The condition of the free agricultural labourer was in many respects analogous to that of the modern fellah. Some of them possessed no other property than a mud cabin, just large enough for a man and his wife, and hired themselves out by the day or the year as farm servants. Others were emboldened to lease land from the lord or from a soldier in the neighbourhood. The most fortunate acquired some domain of which they were supposed to receive only the product, the freehold of the property remaining primarily in the hands of the Pharaoh, and secondarily in that of lay or religious feudatories who held it of the sovereign: they could, moreover, bequeath, give, or sell these lands and buy fresh ones without any opposition. They paid, besides the capitation tax, a ground rent proportionate to the extent of their property, and to the kind of land of which it consisted.*
* The capitation tax, the ground rent, and the house duty of
the time of the Ptolemies, already existed under the rule of
the native Pharaohs. Brugsch has shown that these taxes are
mentioned in an inscription of the time of Ameuôthes III.
It was not without reason that all the ancients attributed the invention of geometry to the Egyptians. The perpetual encroachments of the Nile and the displacements it occasioned, the facility with which it effaced the boundaries of the fields, and in one summer modified the whole face of a nome, had forced them from early times to measure with the greatest exactitude the ground to which they owed their sustenance. The territory belonging to each town and nome was subjected to repeated surveys made and co-ordinated by the Royal Administration, thus enabling Pharaoh to know the exact area of his estates. The unit of measurement was the arura; that is to say, a square of a hundred cubits, comprising in round numbers twenty-eight ares.* A considerable staff of scribes and surveyors was continually occupied in verifying the old measurements or in making fresh ones, and in recording in the State registers any changes which might have taken place.** Each estate had its boundaries marked out by a line of stelas which frequently bore the name of the tenant at the time, and the date when the landmarks were last fixed.***
* [One “are” equals 100 square metres.—Tr.]

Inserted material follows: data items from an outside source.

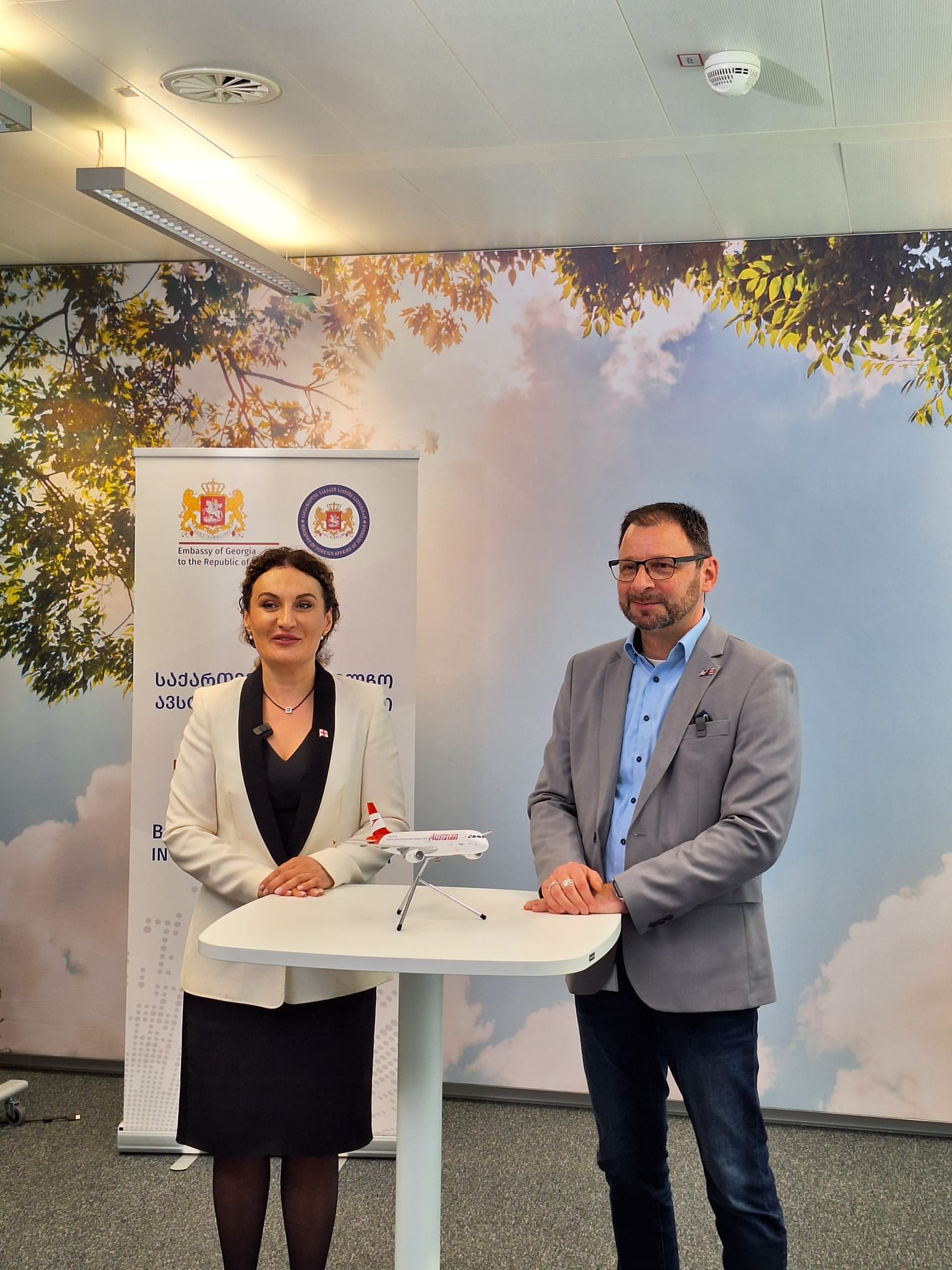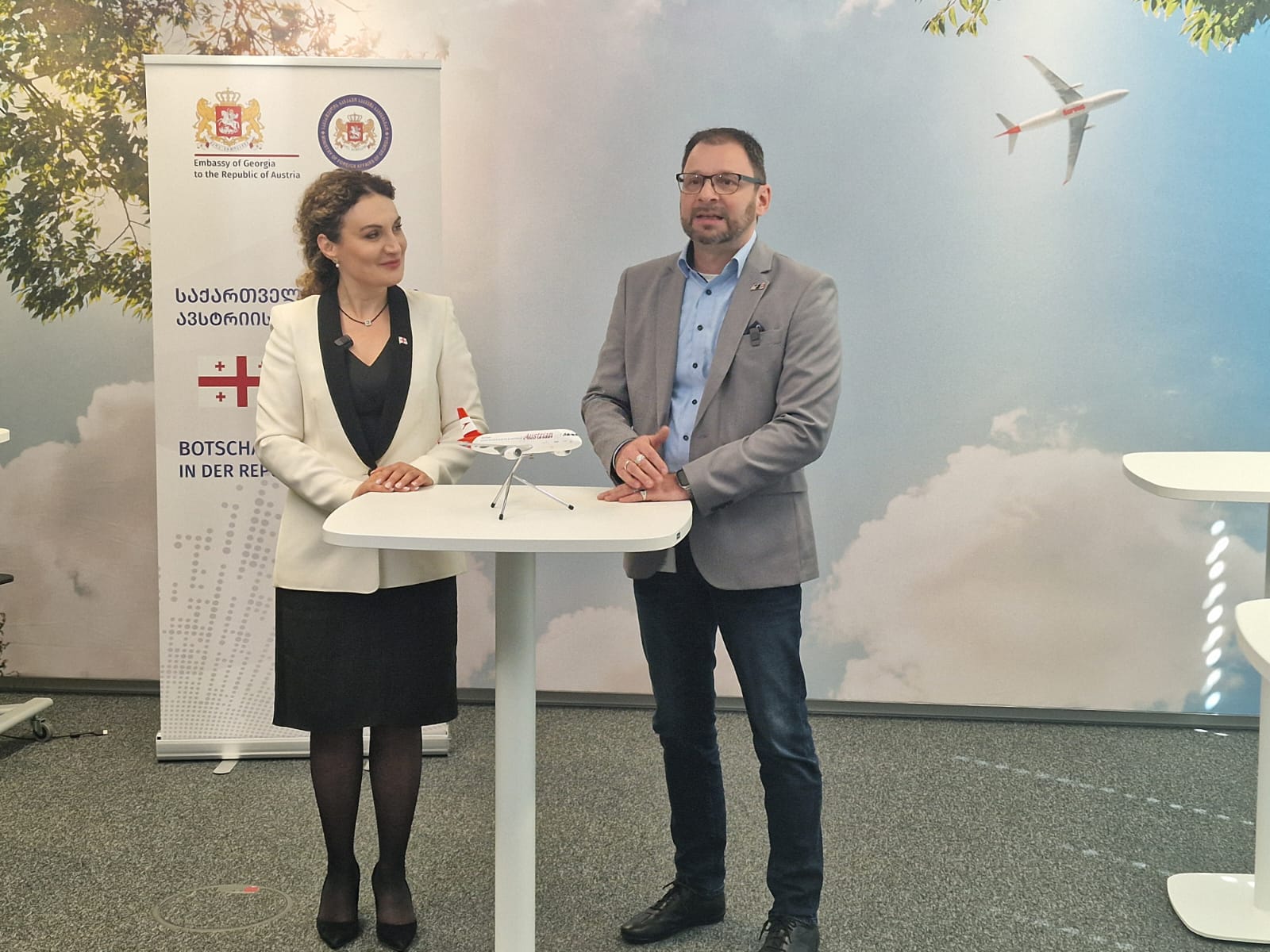 Die Wiederaufnahme direkter Flüge hat am 30. April I.E. Ketevan Tsikhelashvili, Botschafterin von Georgien in Österreich gemeinsam mit Herrn Stephan Linhart, Leiter Sales East Europe & Israel bei AUA in einer Videobotschaft (klicken Sie den Hyperlink) aus dem Wiener Flughafen begrüßt.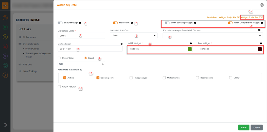 11.Apply Validity – Enter Booking and Stay Dates to which you would like to apply WMR discount (only applicable when widget is loaded on the website)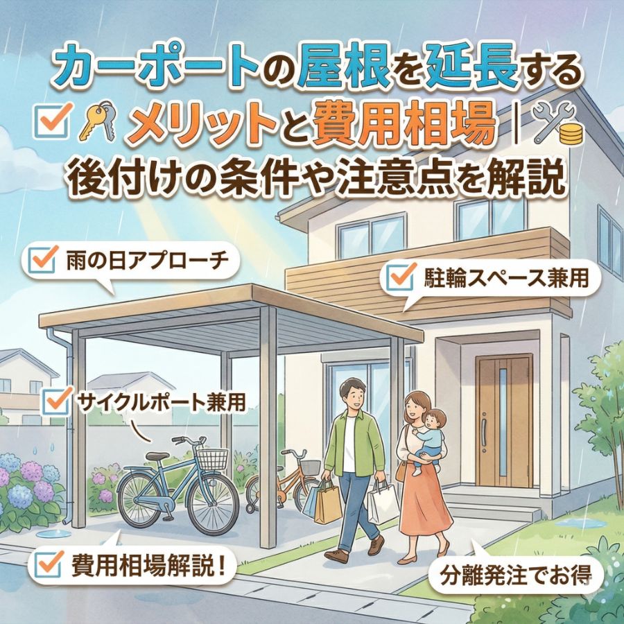 カーポートの屋根を後付けで延長できる条件と具体的な工法
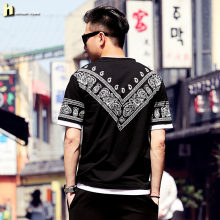 嘻哈小镇 腰果符文印花加肥加大码胖子纯棉假两件宽松短袖T恤男潮
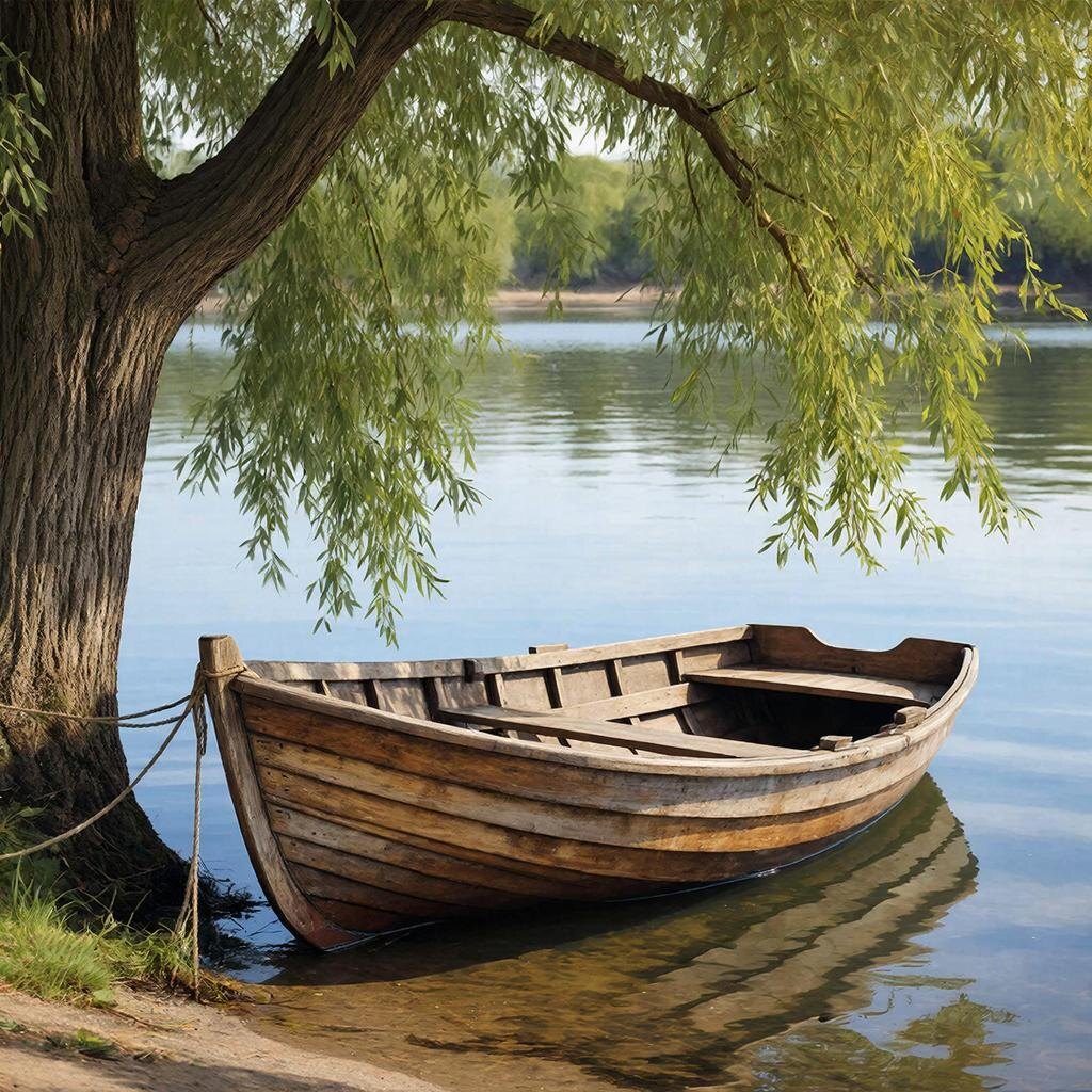 У самого берега, привязанная к могучему стволу старой ивы, покачивалась небольшая лодка. Её деревянные борта, выцветшие от солнца и времени, казались частью этого умиротворенного пейзажа. Лодка была пуста, но её присутствие добавляло картине нотку ожидания, словно она ждала своего хозяина, чтобы отправиться в вечернее плавание.

** We learn from the expressions employed in the great
inscription of Beni-Hasan (11. 13—58, 131-148) that the
cadastral survey had existed from the very earliest times;
there are references in it to previous surveys. We find a
surveying scene on the tomb of Zosirkerîsonbû at Thebes,
under the XVIIIth dynasty. Two persons are measuring a field
of wheat by means of a cord; a third notes down the result
of their work.
*** The great inscription of Beni-Hasan tells us of the
stelæ which bounded the principality of the Gazelle on the
North and South, and of those in the plain which marked the
northern boundary of the nome of the Jackal; we also possess
three other stelo which were used by Amenôthes IV. to
indicate the extreme limits of his new city of Khûtniaton.
In addition to the above stele, we also know of two others
belonging to the XIIth dynasty which marked the boundaries
of a private estate, and which are reproduced, one on plate
106, the other in the text of Monuments divers, p. 30;
also the stele of Bûhani under Thûtmosis IV.
Drawn by Faucher-Gudin,
from a photograph given
by Mariette, Monuments
divers, pl. 47 a.
Once set up, the stele received a name which gave it, as it were, a living and independent personality. It sometimes recorded the nature of the soil, its situation, or some characteristic which made it remarkable—the “Lake of the South,” the “Eastern Meadow,” the “Green Island,” the “Fisher’s Pool,” the “Willow Plot,” the “Vineyard,” the “Vine Arbour,” the “Sycamore;” sometimes also it bore the name of the first master or the Pharaoh under whom it had been erected—the “Nurse-Phtahhotpû,” the “Verdure-Kheops,” the “Meadow-Didifrî,” the “Abundance-Sahûri,” “Khafri-Great-among-the Doubles.” Once given, the name clung to it for centuries, and neither sales, nor redistributions, nor revolutions, nor changes of dynasty, could cause it to be forgotten. The officers of the survey inscribed it in their books, together with the name of the proprietor, those of the owners of adjoining lands, and the area and nature of the ground. They noted down, to within a few cubits, the extent of the sand, marshland, pools, canals, groups of palms, gardens or orchards, vineyards and cornfields,* which it contained.
* See in the great inscription of Beni-Hasan the passage in
which are enumerated at full length, in a legal document,
the constituent parts of the principality of the Gazelle,
“its watercourses, its fields, its trees, its sands, from
the river to the mountain of the West” (11. 46-53).